To do:
In the data below, find the line containing "These breath-taking stud" and the line containing "Πάχος δισκόπλακας [mm] 28", then reproduce them and every line between, exactly. Omit pictures.

The records:
== == ==
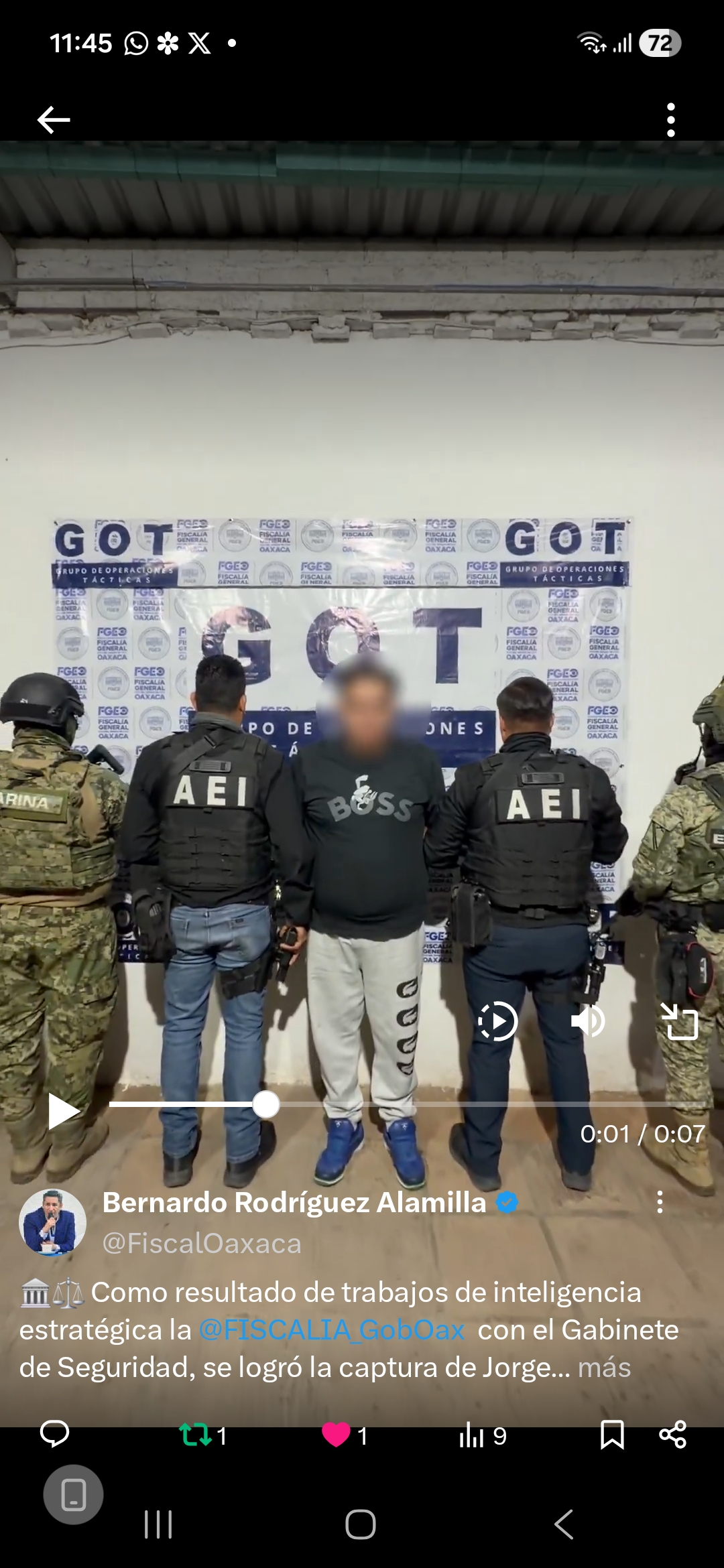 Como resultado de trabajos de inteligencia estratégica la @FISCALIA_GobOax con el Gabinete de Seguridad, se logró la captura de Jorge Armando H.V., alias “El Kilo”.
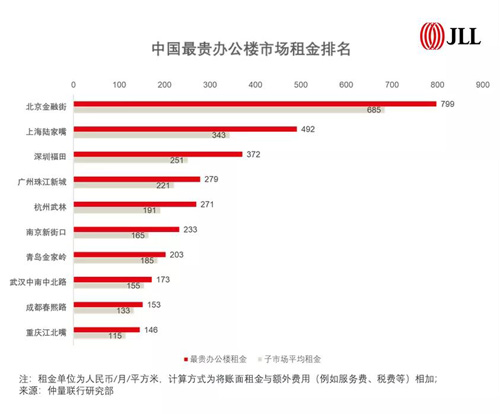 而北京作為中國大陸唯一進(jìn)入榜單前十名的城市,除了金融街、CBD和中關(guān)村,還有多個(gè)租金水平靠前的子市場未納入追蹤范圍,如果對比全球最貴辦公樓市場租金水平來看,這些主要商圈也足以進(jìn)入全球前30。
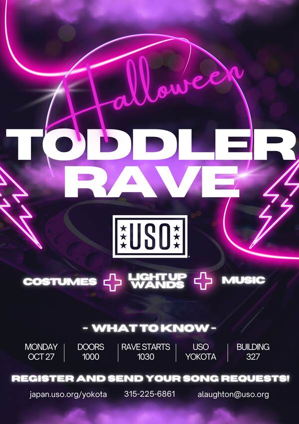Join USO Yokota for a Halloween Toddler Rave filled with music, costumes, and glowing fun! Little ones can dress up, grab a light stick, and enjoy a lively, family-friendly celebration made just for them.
== == ==
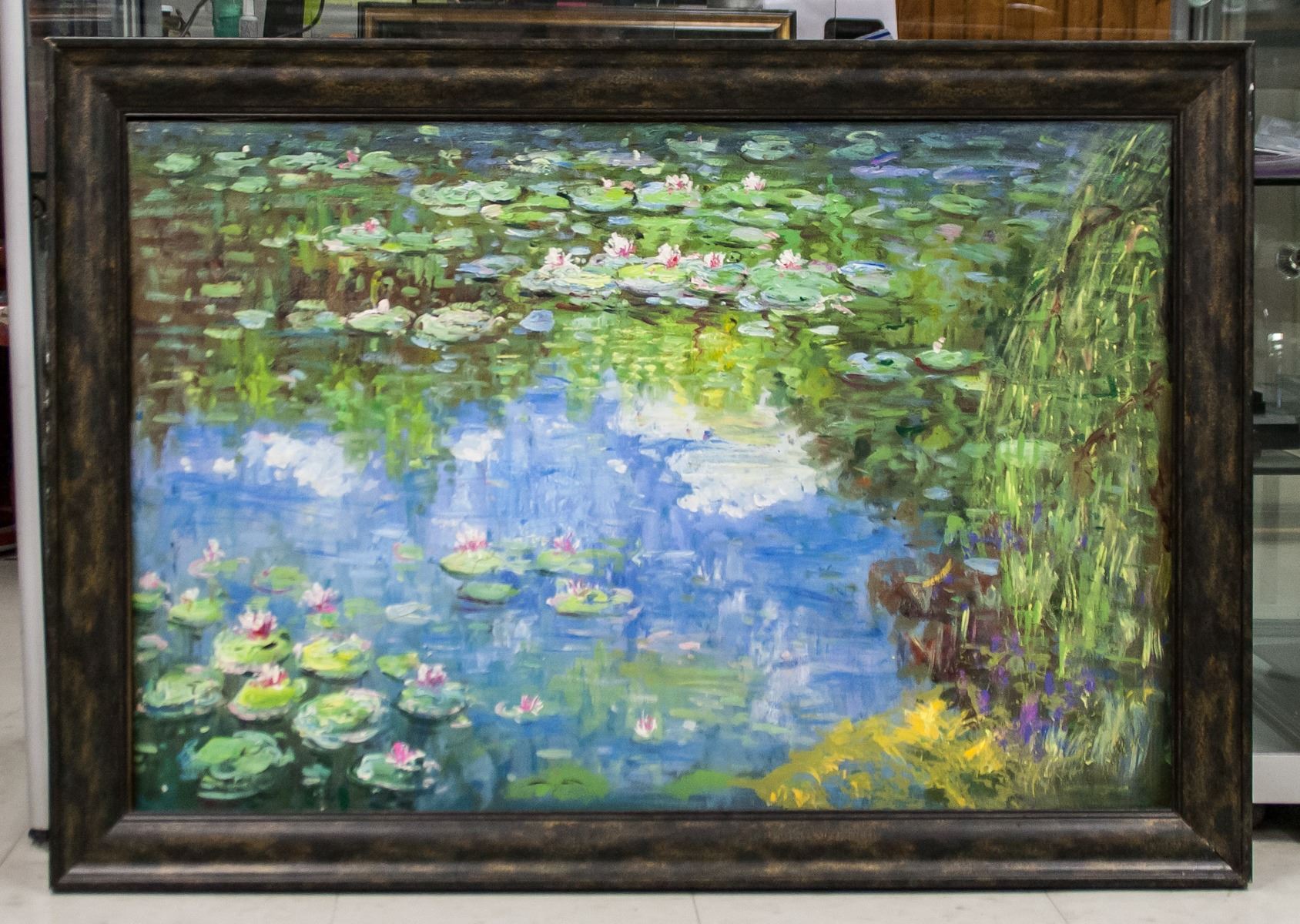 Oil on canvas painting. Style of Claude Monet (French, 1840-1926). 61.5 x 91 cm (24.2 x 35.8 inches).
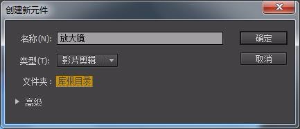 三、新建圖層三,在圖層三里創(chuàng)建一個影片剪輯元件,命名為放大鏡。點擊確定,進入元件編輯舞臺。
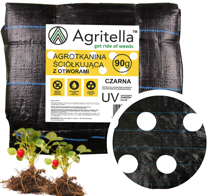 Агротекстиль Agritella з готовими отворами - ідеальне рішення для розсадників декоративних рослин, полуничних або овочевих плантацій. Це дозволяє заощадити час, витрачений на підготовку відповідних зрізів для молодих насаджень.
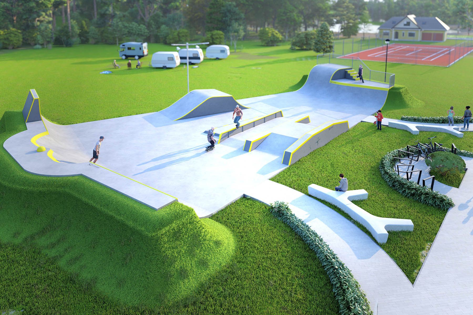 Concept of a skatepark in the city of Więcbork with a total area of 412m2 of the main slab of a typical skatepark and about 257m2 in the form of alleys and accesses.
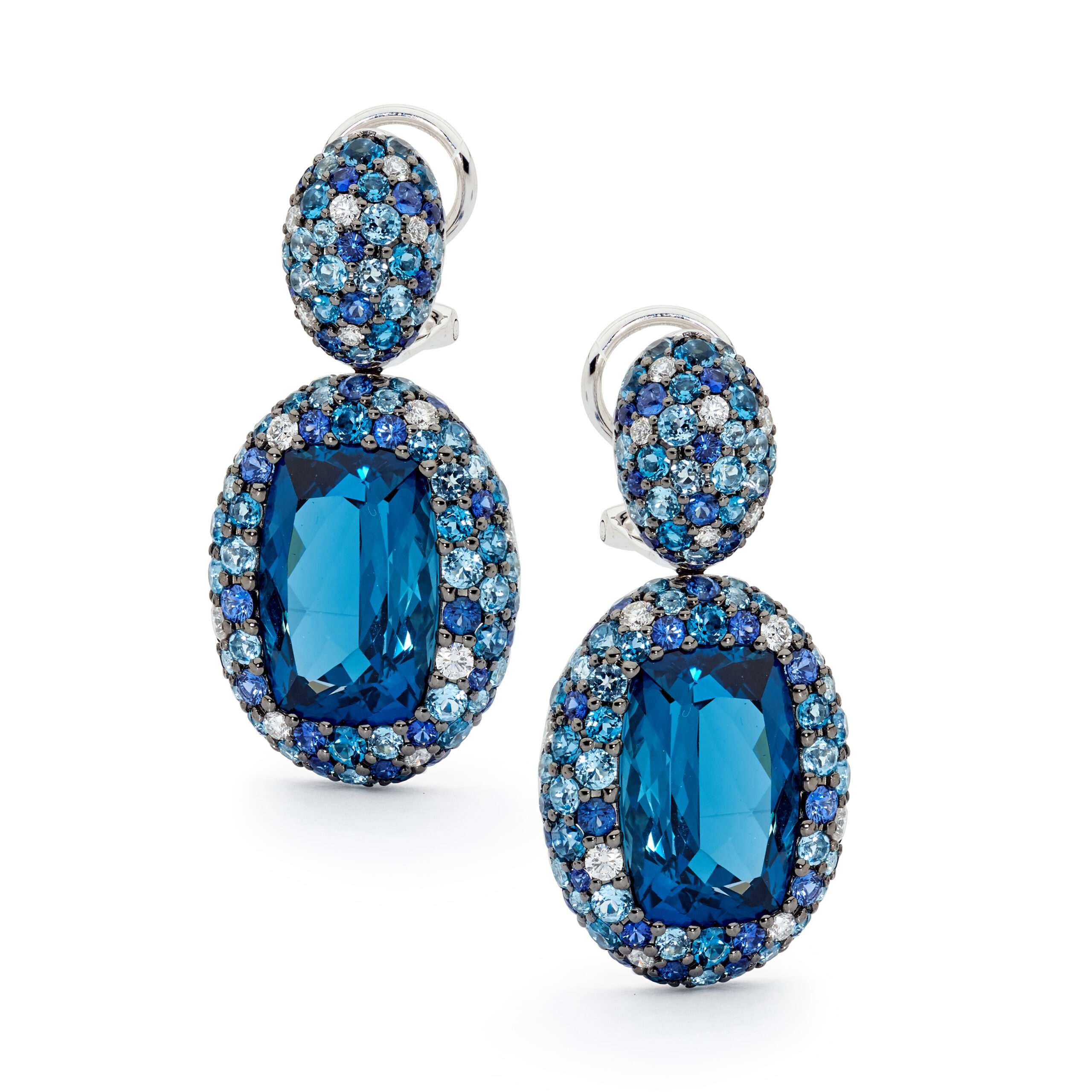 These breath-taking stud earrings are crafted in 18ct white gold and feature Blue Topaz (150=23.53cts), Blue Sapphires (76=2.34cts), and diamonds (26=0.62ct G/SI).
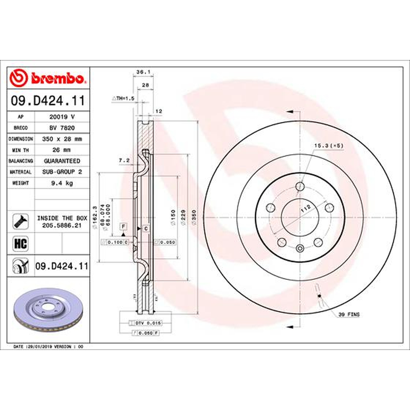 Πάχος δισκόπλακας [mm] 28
== == ==
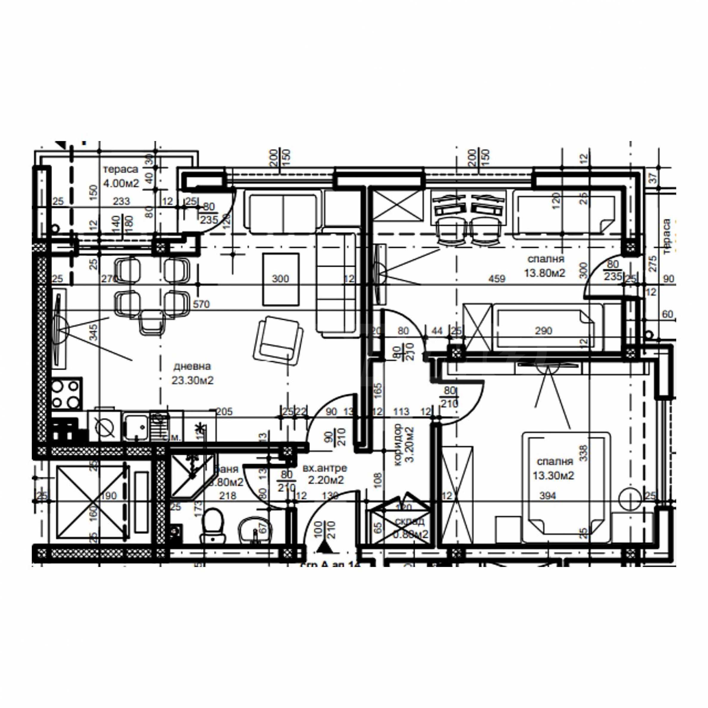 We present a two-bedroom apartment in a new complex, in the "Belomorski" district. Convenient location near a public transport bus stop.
== == ==
Completed exercise:
 These breath-taking stud earrings are crafted in 18ct white gold and feature Blue Topaz (150=23.53cts), Blue Sapphires (76=2.34cts), and diamonds (26=0.62ct G/SI).
 Πάχος δισκόπλακας [mm] 28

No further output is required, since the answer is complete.